Agosto 29th, 2025 Riccardo Fucile

ALCUNI NORDCOREANI SCAPPATI DALLA RUSSIA HANNO RACCONTATO LE CONDIZIONI DI LAVORO “ABOMINEVOLI”: COSTRETTI A LAVORARE DALLE 6 DI MATTINA ALLE 2 DI NOTTE, TRATTATI ALLA STREGUA DI PRIGIONIERI

Vivono in condizioni di schiavitù. Costretti a lavorare dalle 6 di mattina alle 2 di notte, con un paio di giorni liberi all’anno e le mani che ormai faticano ad aprirsi. La Russia si è ripetutamente rivolta alla Corea del Nord per avere un supporto nella guerra in Ucraina, utilizzando i suoi missili, i suoi proiettili di artiglieria e soprattutto i suoi soldati.

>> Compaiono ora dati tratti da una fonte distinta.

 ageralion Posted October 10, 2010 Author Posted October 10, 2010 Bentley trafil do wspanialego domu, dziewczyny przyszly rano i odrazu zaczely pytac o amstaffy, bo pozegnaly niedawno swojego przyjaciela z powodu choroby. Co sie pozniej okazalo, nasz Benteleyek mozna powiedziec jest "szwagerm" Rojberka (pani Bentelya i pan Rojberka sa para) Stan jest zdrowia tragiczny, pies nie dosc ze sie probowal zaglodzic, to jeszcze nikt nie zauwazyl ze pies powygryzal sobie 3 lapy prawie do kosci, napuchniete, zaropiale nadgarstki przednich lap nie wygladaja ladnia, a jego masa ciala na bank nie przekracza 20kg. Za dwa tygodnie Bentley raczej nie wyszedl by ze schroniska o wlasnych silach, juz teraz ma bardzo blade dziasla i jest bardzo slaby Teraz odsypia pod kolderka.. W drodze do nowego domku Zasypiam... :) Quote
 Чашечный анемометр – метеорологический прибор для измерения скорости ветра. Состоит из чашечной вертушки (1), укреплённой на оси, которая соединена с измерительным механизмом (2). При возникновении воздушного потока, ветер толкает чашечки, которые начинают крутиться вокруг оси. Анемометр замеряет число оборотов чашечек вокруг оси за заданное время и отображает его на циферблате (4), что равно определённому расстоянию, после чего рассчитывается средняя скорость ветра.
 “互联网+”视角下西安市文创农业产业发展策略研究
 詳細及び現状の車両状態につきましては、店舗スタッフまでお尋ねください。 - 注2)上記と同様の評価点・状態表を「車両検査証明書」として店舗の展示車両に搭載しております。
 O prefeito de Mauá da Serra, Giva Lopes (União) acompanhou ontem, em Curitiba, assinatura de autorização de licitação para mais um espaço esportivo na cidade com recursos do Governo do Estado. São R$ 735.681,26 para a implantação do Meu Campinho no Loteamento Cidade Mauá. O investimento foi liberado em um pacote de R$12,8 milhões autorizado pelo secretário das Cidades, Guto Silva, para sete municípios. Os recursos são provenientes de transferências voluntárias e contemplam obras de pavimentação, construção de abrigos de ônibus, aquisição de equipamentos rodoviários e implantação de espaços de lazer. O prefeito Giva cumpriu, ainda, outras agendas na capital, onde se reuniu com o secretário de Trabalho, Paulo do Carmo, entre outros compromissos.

Ora, con molti uomini russi uccisi o fuggiti dal paese, i funzionari dell’intelligence sudcoreana hanno rivelato che Mosca fa sempre più affidamento sui lavoratori nordcoreani, trattati alla stregua di prigionieri.

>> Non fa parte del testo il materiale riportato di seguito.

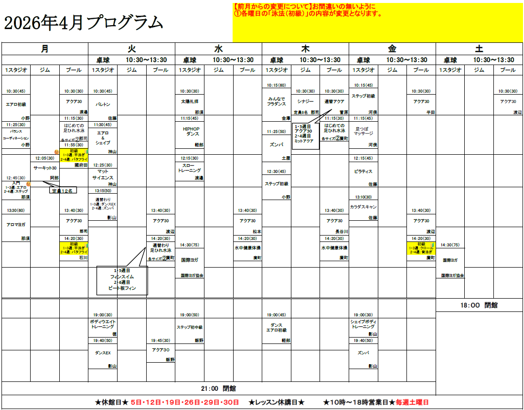 フィットネス・スイミング・テニス・学童など、すべてのコースで体験が可能です。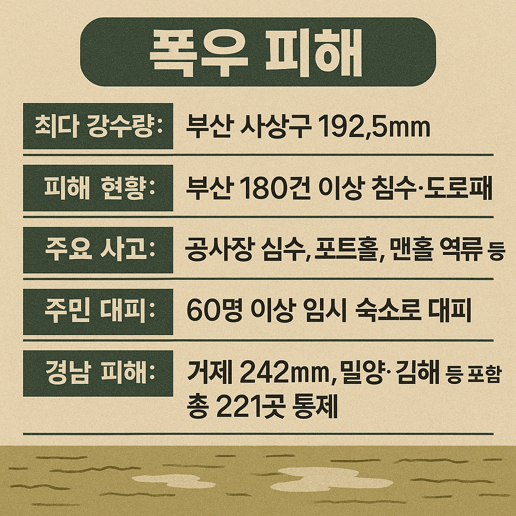 2025년 7월 13일부터 14일 새벽까지 부산과 경남 지역을 강타한 폭우는 단순한 자연재해를 넘어 도심 기능을 마비시키는 ‘물폭탄’ 수준의 위력을 보여주었습니다.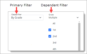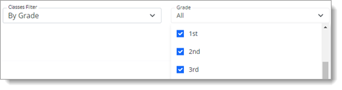 With the exception of the default option, each option in Classes Filter list is linked to secondary filters that display automatically to enable you to further narrow down your initial filter selection. By way of illustration, in the example below the By Grade option is initially selected in the Classes Filter dropdown. The system automatically displays a second dependent filter, Grade, that contains a list of options specific to the By Grade filter. The user can select Like the By Grade option, the By Session, By Department, and Selected Classes options each generate secondary filters with a dropdown list of choices you can select to narrow down the initial filter criteria. |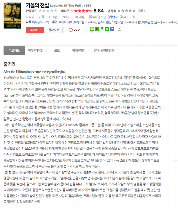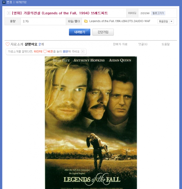 해외영화 | 가을의 전설 1994 페이지 정보 작성자 마당발 작성일16-03-07 16:35 댓글0건 관련링크 http://www.filejo.com/main/popup/bbs_info.php?idx=30251981 524회 연결 본문 1994년도에 개봉한 브래드피트 주연, 영화 가을의 전설입니다. 웹하드:파일조 댓글목록 등록된 댓글이 없습니다.
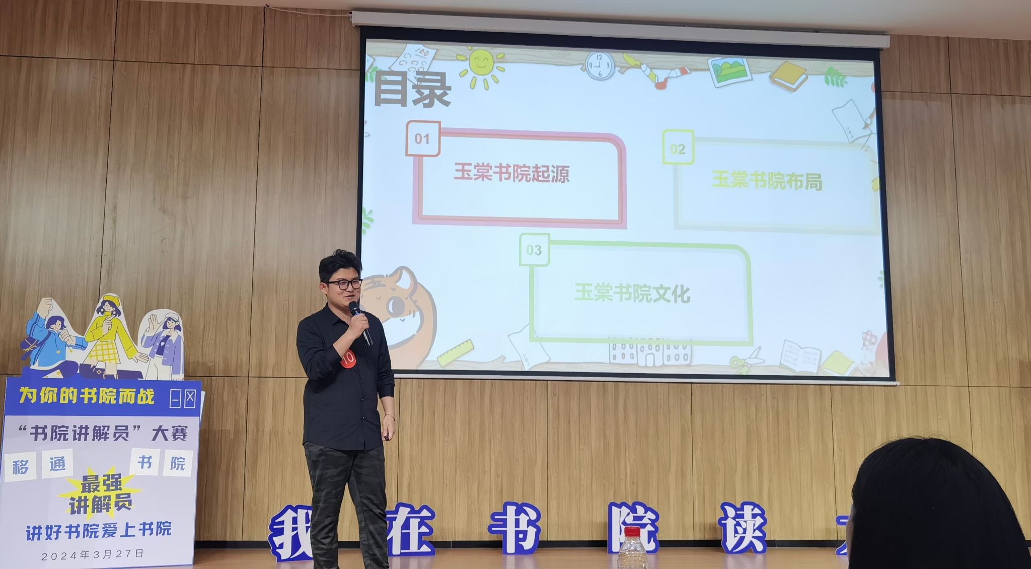 在玉棠书院修炼一年之后,我变成一个“社牛”,不仅练就了过人的胆识,每天还和同学们“斗智斗勇”!我凭借“三寸不烂之舌”和优异的服务态度,让玉棠书院的师生们都对我竖起大拇指!与人交谈成了我的“快乐源泉”!我学会如何统筹活动、管理物资,协调功能室的使用时间,解决多媒体出现的“Bug”,确保玉棠书院功能室的一切井然有序。让我自豪的是,我成为玉棠书院的“文化代言人”。在《我的书院》讲解员比赛中,我凭借“三寸不烂之舌”拿下第二名,成功解锁“讲解员”成就。站在舞台上,看着台下观众们的掌声,我感受到“付出终有回报”的快乐。

Alcuni nordcoreani che sono riusciti a scappare dalla Russia hanno raccontato come i loro compatrioti siano sottoposti a condizioni di lavoro «abominevoli» e come le autorità nordcoreane stiano rafforzando il controllo sui lavoratori per impedirne la fuga. Uno di loro è comunque riuscito a scappare.
E ha detto alla Bbc che una volta atterrato nell’estremo oriente russo è stato accompagnato dall’aeroporto a un cantiere edile da un agente di sicurezza nordcoreano che gli ha intimato di non
parlare con nessuno, né di guardarsi in giro. «Il mondo esterno è il nostro nemico», gli ha sussurrato. È stato subito messo a lavorare per costruire grattacieli per più di 18 ore al giorno.
«Svegliarsi era terrificante», ha spiegato il fuggitivo senza rivelare la propria identità per ragioni di sicurezza. «Al mattino le mani si bloccavano, incapaci di aprirsi, paralizzate dall’incessante lavoro. Durante il giorno alcuni lasciavano il loro posto per dormire o si addormentavano in piedi, ma i supervisori li trovavano e li picchiavano. Era davvero come se stessimo morendo».
Gli evasi hanno raccontato che gli operai nordcoreani sono confinati nei cantieri giorno e notte, dove sono sorvegliati da agenti del Dipartimento di sicurezza di Pyongyang. Dormono in container sporchi, sovraffollati e infestati da insetti, oppure sul pavimento di palazzi in costruzione, con i teloni arrotolati sugli stipiti delle porte per cercare di ripararsi dal freddo.
Un altro operaio ha confessato di essere caduto da un’altezza di quattro metri e di essersi «fracassato» il volto, ma anche in quel caso i suoi supervisori non gli hanno permesso di lasciare il cantiere per andare in ospedale.
Lo scorso giugno l’ex ministro della difesa russo, Sergei Shoigu, ha ammesso per la prima volta che 5mila nordcoreani erano stati inviati a ricostruire Kursk, una regione russa che nel 2024 era stata occupata dalle forze ucraine.

(da agenzie)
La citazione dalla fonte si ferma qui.